AWS Step Functions where launched during AWS re:Invent conference in 2016

Features

  • Error Handling : Multiple & independent paths can be added for every kind of expected failures.
  • Automatic Retries : Specific number of retries in different intervals can be added to each step.
  • Triggering & Tracking: A workflow can be triggered & tracked directly on AWS, or by using Lambdas, SQS, SNS, APIs etc.
  • Manage execution code: The code to be executed for each step can be individually managed. This helps if internal logic keeps changing for a function.
  • Visualisation: It is a visual workflow service so you can have a easy to understand representation of the running & executed workflows.
AWS Step Function Execution

Benefits

  • Complex Workflows: Step Function is ideal for a complex workflow divided into small individual components. You can have retries, try/catch/finally, dynamic wait etc. features at the workflow level itself.
  • Long Lived: The maximum duration of a Standard workflow is 1 year. This makes it ideal for running workflows that might take days or even weeks and provide easy to understand visual representation of current states.
  • Logical separation between workflow & business logic: There is a logical separation between the workflow and the business logic. Both can be individually managed & scaled according to demand.
  • Parallelism: Parallel branches can be created to run in async. This helps a lot when you have multiple disconnected branches that have to be executed in a workflow.

Standard vs Express Workflows

Step Functions come in two varieties: Standard & Express.

Standard workflows are meant for your regular functions, which might run for a considerable period of time, and do not need very high number of transitions or computation capacity.

On the other hand, Express workflows, as the name suggests, are meant for specialised operations, like high-event-rate workloads, streaming data processing, high frequency data ingestion, etc. Some of the other featured for these workflows are:

Standard Workflows

  • Maximum Duration: 1 year
  • Execution rate Constraint: 2,000 per second.
  • State Transition Constraint: 4,000 per second.
  • Pricing is based on number of state transitions.
  • Shows execution history & visual debugging.
  • Supports all service integrations & patterns.

Express Workflows

  • Maximum Duration: 5 minutes
  • Execution rate Constraint: 1,00,000 per second.
  • State Transition Constraint: Nearly unlimited.
  • Pricing is based on number & duration of executions.
  • Sends execution history to Amazon Cloudwatch.
  • Supports all service integrations & most patterns.

Basically Standard Step Functions suffice for all your day-to-day requirements. Express Workflows should be used only in case of high-data high-computation based executions that do not run for longer periods of time.

State Machines

The “magic” behind Step Functions is State machines, wherein you can provide inputs, output formats, retry & catch logic etc other features using Amazon State Language, which is a JSON based structured language.

“Validate-All”: {“Type”: “Map”,“InputPath”: “$.detail”,“ItemsPath”: “$.shipped”,“MaxConcurrency”: 0,“ResultPath”: “$.detail.shipped”,“Parameters”: {“parcel.$”: “$$.Map.Item.Value”,“courier.$”: “$.delivery-partner”},“Iterator”: {“StartAt”: “Validate”,“States”: {“Validate”: {“Type”: “Task”,“Resource”: “arn:aws:lambda:us-east-1:123456789012:function:ship-val”,“End”: true}}},“End”: true}

States

There are 6 broad categories of states that Step Functions Support.
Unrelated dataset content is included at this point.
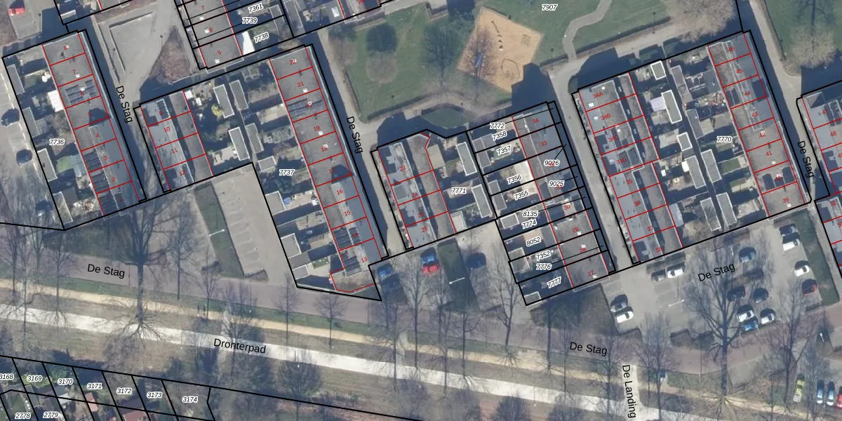 De Stag 25 is gelegen op kadastraal perceel DTN01A7771. Deze kadastrale aanduiding is uniek en wordt gebruikt door het Kadaster om eigendomsrechten en andere zakelijke rechten vast te leggen. Het perceel maakt onderdeel uit van de kadastrale gemeente Dronten.
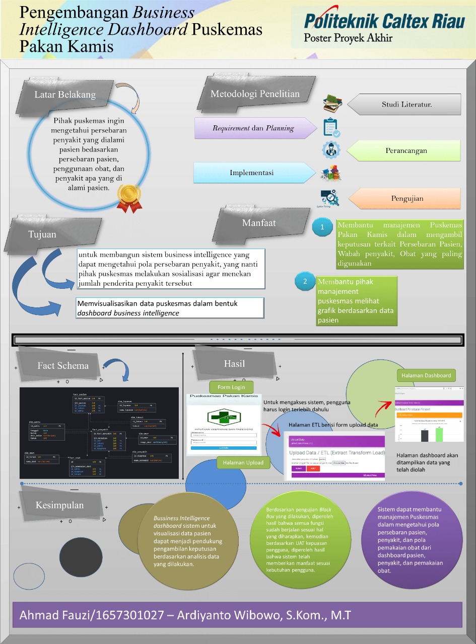 Pusat Kesehatan Masyarakat (Puskemas) merupakan layanan kesehatan yang di naungi oleh dinas kesehatan. Puskesmas juga merupakan pilihan pertama masyarakat Indonesia kalangan menengah, baik menengah keatas , maupun menengah kebawah. Hal itu dikarenakan biaya layanan puskesmas tidak setinggi biaya layanan di rumah sakit. Salah satu unit layanan yang melakukan aktivitas pelayanan kesehatan adalah Puskesmas Pakan Kamis. Pelayanan kesehatan puskesmas Pakan Kamis ditujukan pada suatu subyek yang disebut pasien. Data pasien ini perlu pengelolaan secara tepat sehingga menghasilkan informasi yang dapat digunakan sebagai bukti pelayanan puskesmas, sumber pelaporan, serta sebagai pendukung dalam pengambilan keputusan. Puskesmas Pakan Kamis sudah mengelola data pasien menggunakan Microsoft Excel berbentuk spreedsheet. Akan tetapi, Puskesmas Pakan Kamis kesulitan dalam mengetahui pola persebaran penyakit, pola perkembangan pasien, dan pola pemakaian obat. Salah satu upaya untuk menghadapi ini adalah dengan menggunakan business intelligence berbasis web yang juga menggunakan database sebagai pecatatan data-data pasien dan juga dengan penerapan metode four step Kimball akan menunjang poin-poin penting yang berguna bagi pihak puskesmas. Dashboard yang dirancang menggunakan bahasa pemrograman PHP dan MySQL sebagai DBMS nya. Hasil dari pengujian Black Box yang dilakukan menunjukkan bahwa semua fitur pada sistem telah diimplementasikan dan sesuai dengan hasil yang diharapkan. Dengan adanya business intelligence ini diharapkan pihak management dapat terbantu dalam menangani masalah-masalah terkait pencatantan laporan, penyimpanan data pasien dan pengambilan keputusan dalam memesan obat saat musim penyebaran penyakit datang.

These can be utilised to build complex workflows. Functionality of each state is independent & can cater to change in system requirements. The states are: Task, Choice, Parallel & Map, Pass, Fail & Succeed and Wait.

  • Task: A task represents a single unit of work performed by a state machine. Each task can perform an Activity, which is a block of logic running on premise, EC2 or Lambdas. The supported AWS services include AWS Batch Jobs, Amazon SNS (used as a notification service), Amazon SQS (used as a queuing service) or AWS Glue. The syntax & properties of a task can be found in detail here.
  • Choice: Choice state is used to add branching logic (similar to if-else) in your workflow. It adds conditional properties for workflows where execution flow might depend on results or parameters. The supported operations are AND(&&), OR(||) and NOT(!). The conditional statements can be based on Boolean parameters, Strings, Numerics or TimeStamps. Syntax & Details.
  • Wait: Wait state is used to halt the execution of the workflow for a given amount of time. Delay provided by the Wait state can be defined either as a specified amount of time (30 minutes) or till a specific time (15 July Thursday 11am). Timestamps provided must conform to the RFC3339 profile of ISO 8601. More details about these & the syntax can be found here.
  • Pass: Pass state does not perform any work. It just passes its input to the output state. It’s primary function is to construct state machines & also as a debugger. Syntax & Details.
  • Succeed & Fail: These are the terminal states of a workflow. They finish the execution & mark the status of the workflow as success or failure. Since these are terminal states they do not have the “Next” field. The only exception here is sometimes we use the failure in a Catch statement and mark the execution as successful. The syntax for Succeed & Fail can be referred here.
  • Parallel: Parallel states are used to add branching logic to your workflows. Each branch is executed in parallel & can be used to logically decouple states which do not have dependency on each other. Syntax & details.
  • Map: Map state is used to run a steps for each array element. It uses each item as input & runs the same steps for each of them. Hence Maps should be used when we have to execute the same set of steps for a set of items while Parallel can be used where we execute multiple branches of steps using the same input. Details of Map state can be found here while the syntax here.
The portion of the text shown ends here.